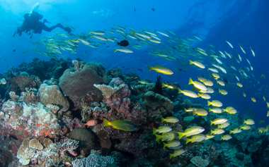 The dive sites in the Great Barrier Reef and the Coral Sea feature healthy reefs, soft corals, mantas, schooling gray reef sharks, white tip reef sharks, hawksbill turtles, and much more.
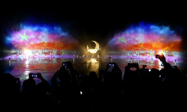 夜间水景灯光秀,每周周五、周六、周日及节假日晚间开放,晚19:30分—20:10 ,演出时间预计40分钟。
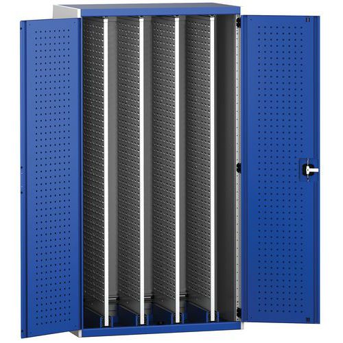 Műhelyszekrények négy kihúzható kétoldalas perforált panellel, teljes toldattal a szerszámok rugalmas felakasztásához. Elegendő 20,1 cm-es távolsággal rendelkező panelek a szerszámok felakasztására és több panel egyidejű meghosszabbítását blokkoló rendszerrel Szerszámtartók elhelyezésére tervezett panelek (perfo típusú) vagy műanyag dobozok felfüggesztésére (zsalu típus). Hegesztett acélszerkezet, porszórt felületkezelés. Megerősített szárnyas ajtó hárompontos hengerzárral, két kulccsal.
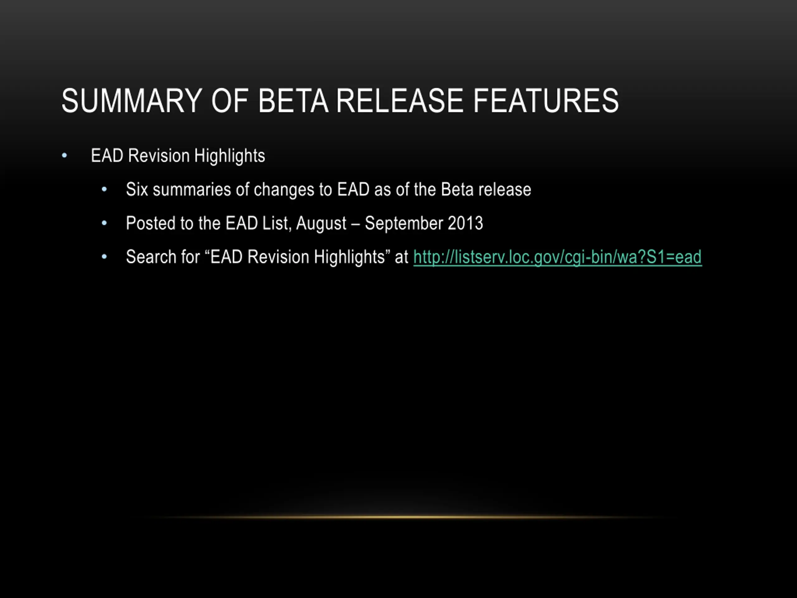 SUMMARY OF BETA RELEASE FEATURES EAD Revision Highlights Six summaries of changes to EAD as of the Beta release Posted to the EAD List, August September 2013 Search for EAD Revision Highlights at http://listserv.loc.gov/cgi-bin/wa?S1=ead
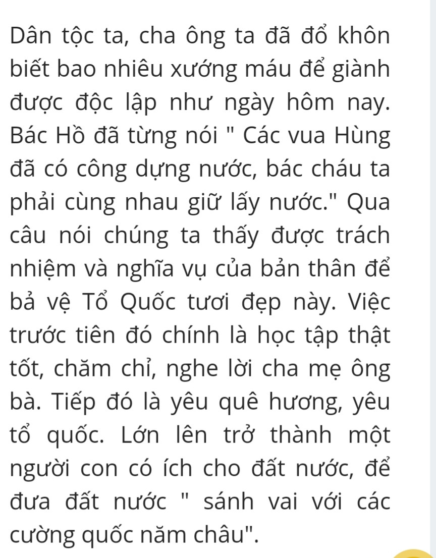 Dân tộc ta, cha ông ta đã đổ khôn biết bao nhiêu xướng máu để giành được độc lập như ngày hôm nay. Bác Hồ đã từng nói " Các vua Hùng đã có công dựng nước, bác cháu ta phải cùng nhau giữ lấy nước." Qua câu nói chúng ta thấy được trách nhiệm và nghĩa vụ của bản thân để bả vệ Tổ Quốc tươi đẹp này. Việc trước tiên đó chính là học tập thật tốt, chăm chỉ, nghe lời cha mẹ ông bà. Tiếp đó là yêu quê hương, yêu tổ quốc. Lớn lên trở thành một người con có ích cho đất nước, để đưa đất nước " sánh vai với các cường quốc năm châu".
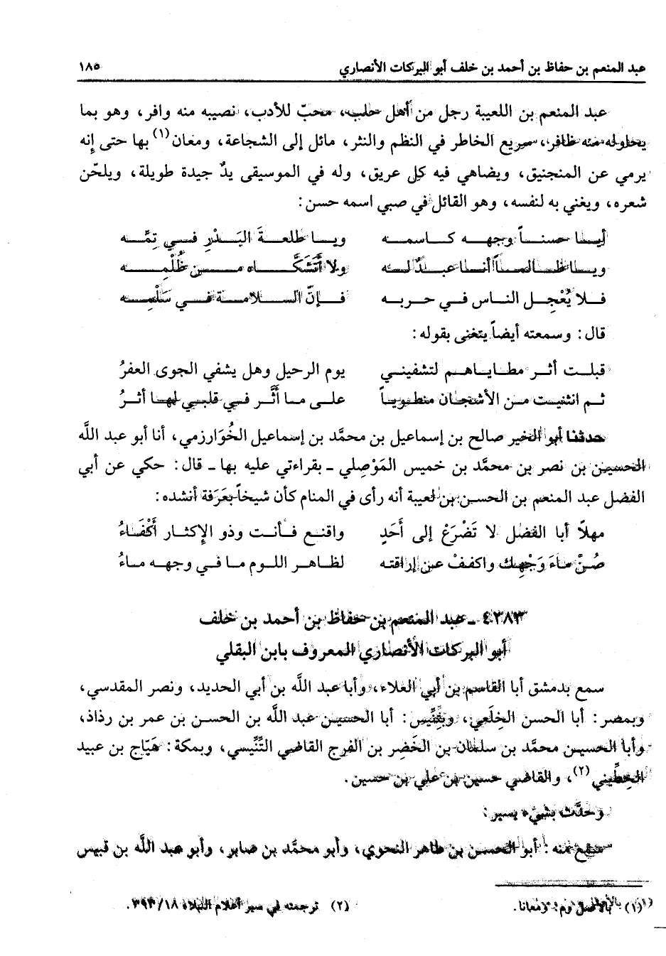 عبد المنعم بن اللعيبة رجل من أهل حلب محب للأدب نصيبه منه وافر وهو بما يحاوله منه ظافر سريع الخاطر في النظم والنثر مائل إلى الشجاعة ومعان (1) بها حتى أنه يرمي عن المنجنيق ويضاهي فيه كل عريق وله في الموسيقى يد جيدة طويلة ويلحن شعره ويغني به لنفسه وهو القائل في صبي اسمه حسن * أيا حسنا وجهه كاسمه * ويا طلعة البدر في تمه ويا ظالما أنا عبد له * ولا أتشكاه من ظلمة فلا يعجل الناس في حربه * فإن السلامة في سلمة * قال وسمعته أيضا يتغنى بقوله * قبلت أثر مطاياهم لتشفيني * يوم الرحيل يشفي الجوى العفر ثم انثنيت من الأشجان منطويا * على ما أثر في قلبي لها أثر * قال وسمعته أياض يتغنى بقوله * قبلت اثر مطاياهم لتشفيني * يوم الرحيل وهل يشفي الجوى العفر ثم انثنيت من الأشجان منطويا * على ما أثر في قلبي لها أثر * حدثنا أبو الخير صالح بن إسماعيل بن محمد بن إسماعيل الخوارزمي أنا أبو عبد الله الحسين بن نصر بن محمد بن خميس الموصلي بقراءتي عليه بها قال حكى عن أبي الفضل عبد المنعم بن الحسن بن لعيبة انه راى في المنام كأن شيخا بعرفه أنشده * مهلا أبا الفضل لاتضرع إلى أحد * واقنع فانت وذو الإكثار أكفاء صن ماء وجهك واكفف عن إراقته * لظاهر اللوم ما في وجهه ماء *
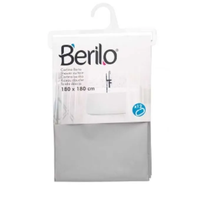 Shower Curtain Berilo SC-MIX-01-GREY Grey Polyethylene EVA 180 x 180 cm (12 Units)
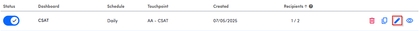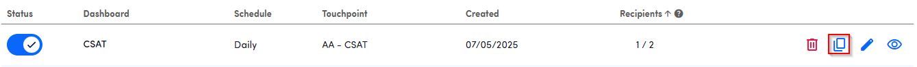 Click the eye icon to open the dashboard with the date range of the most recently sent report. If the report has not been sent yet, the eye icon will not be available.
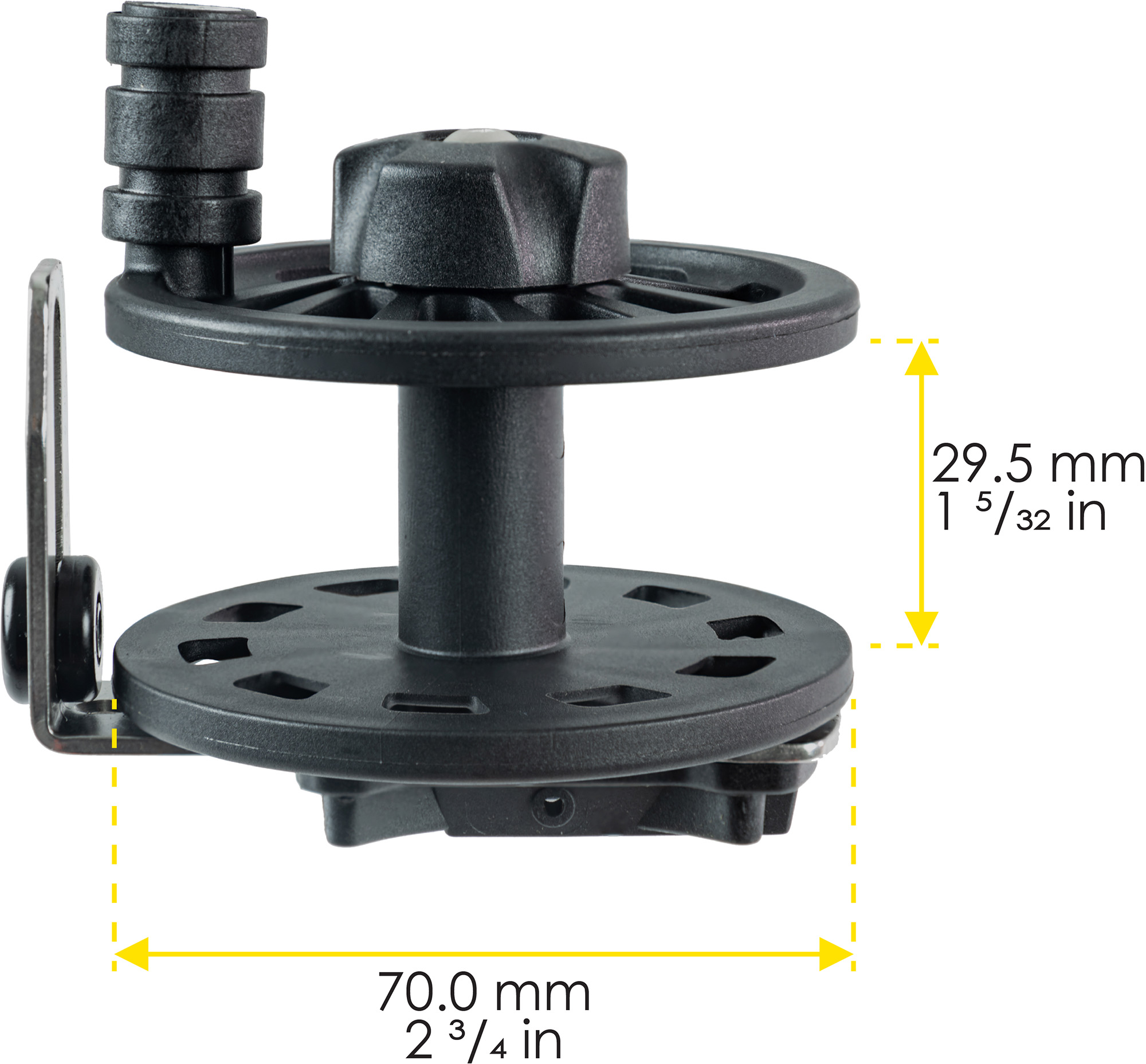 The frame and the central pin are in aisi 316 steel. The drilling on the frame itself allows it to be used also on arbalete spearguns of different brands. The special clutch provides an excellent closing torque. The assembly system allows easy maintenance and cleaning. All sizes are equipped with a rewinder ring and size r50 is also equipped with an antiblocking roller. The models r30 and r50 are equipped with a lightened drum in order to weigh as little as possible on the balance of the speargun
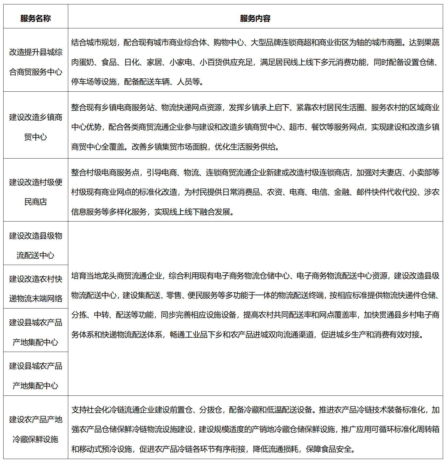 縣域商業(yè)建設行動以完善縣鄉(xiāng)村商業(yè)網絡體系和農村物流配送 “三點一線”為重點,加快補齊農村商業(yè)設施短板,引導商貿流通企業(yè)轉型升級,推動縣域商業(yè)高質量發(fā)展。完善縣域統籌,以縣城為中心、鄉(xiāng)鎮(zhèn)為重點、村為基礎的農村商業(yè)體系。基本實現縣城有連鎖商超和快遞物流配送中心、鄉(xiāng)鎮(zhèn)有商貿中心和物流配送站、村村有連鎖便利店并通快遞,農產品現代流通體系趨于完善,工業(yè)品下鄉(xiāng)和農產品進城雙向流通渠道更加暢通,農村居民收入和農村消費持續(xù)提升。
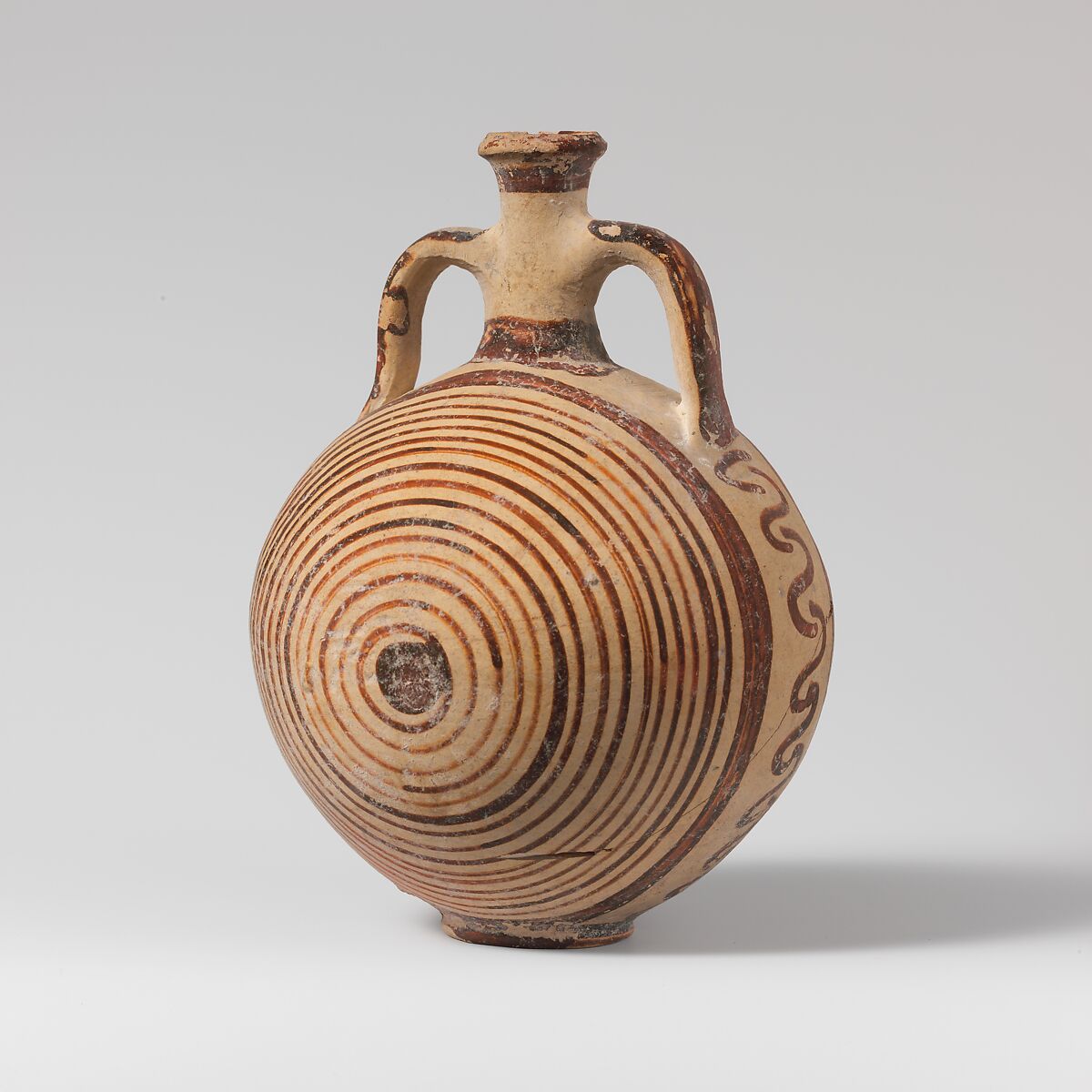 Globular bottle with two handles, concentric circles and two chains of loops.
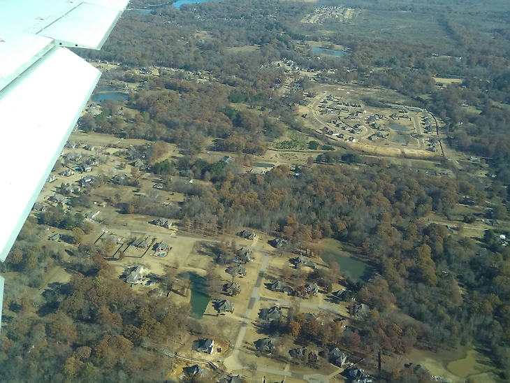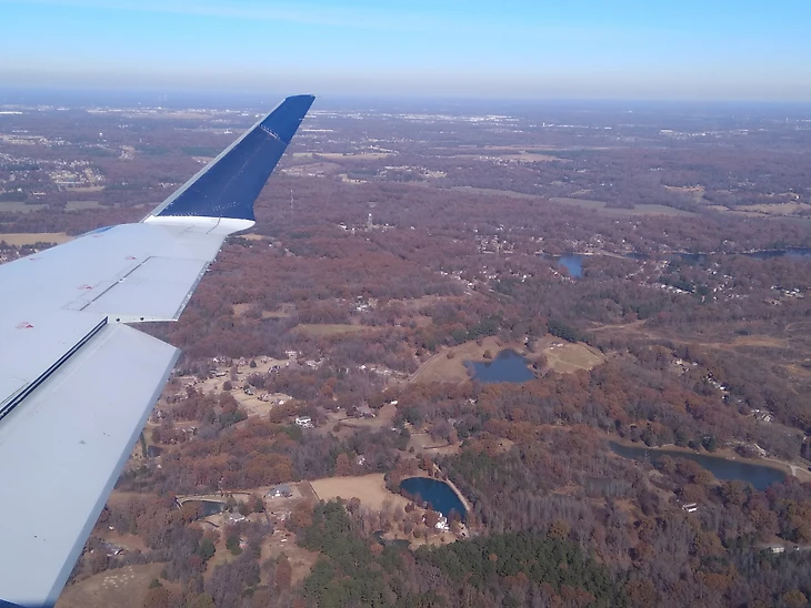 А вот виды декабрьского Мемфиса с самолета очень порадовали. Зеленые леса, зелёные луга, синее синее ясное небо, яркое солнце и чистые уютные пригороды с тысячами утопающих в окружающей зелени домиков. Даже завидно стало – что я не родился в этой глуши – где в декабре такая красота вокруг. Почему мы тут месяцами месим грязь и снег по колено под вечно серым небом, в холодрыге и в постоянной полутемноте, где по полгода серость, депрессуха и грусть – а там вот такая красота прямо в середине зимы? И это у них далеко не самый южный город – так, что-то в середине.
^^^^
• **Exercise**:
Once the line containing "縣域商業(yè)建設行動以完" is found, copy it and each line after it through the end of the entries above exactly; nothing else, and no pictures.

• **Solved problem**:
 縣域商業(yè)建設行動以完善縣鄉(xiāng)村商業(yè)網絡體系和農村物流配送 “三點一線”為重點,加快補齊農村商業(yè)設施短板,引導商貿流通企業(yè)轉型升級,推動縣域商業(yè)高質量發(fā)展。完善縣域統籌,以縣城為中心、鄉(xiāng)鎮(zhèn)為重點、村為基礎的農村商業(yè)體系。基本實現縣城有連鎖商超和快遞物流配送中心、鄉(xiāng)鎮(zhèn)有商貿中心和物流配送站、村村有連鎖便利店并通快遞,農產品現代流通體系趨于完善,工業(yè)品下鄉(xiāng)和農產品進城雙向流通渠道更加暢通,農村居民收入和農村消費持續(xù)提升。
 Globular bottle with two handles, concentric circles and two chains of loops.
 А вот виды декабрьского Мемфиса с самолета очень порадовали. Зеленые леса, зелёные луга, синее синее ясное небо, яркое солнце и чистые уютные пригороды с тысячами утопающих в окружающей зелени домиков. Даже завидно стало – что я не родился в этой глуши – где в декабре такая красота вокруг. Почему мы тут месяцами месим грязь и снег по колено под вечно серым небом, в холодрыге и в постоянной полутемноте, где по полгода серость, депрессуха и грусть – а там вот такая красота прямо в середине зимы? И это у них далеко не самый южный город – так, что-то в середине.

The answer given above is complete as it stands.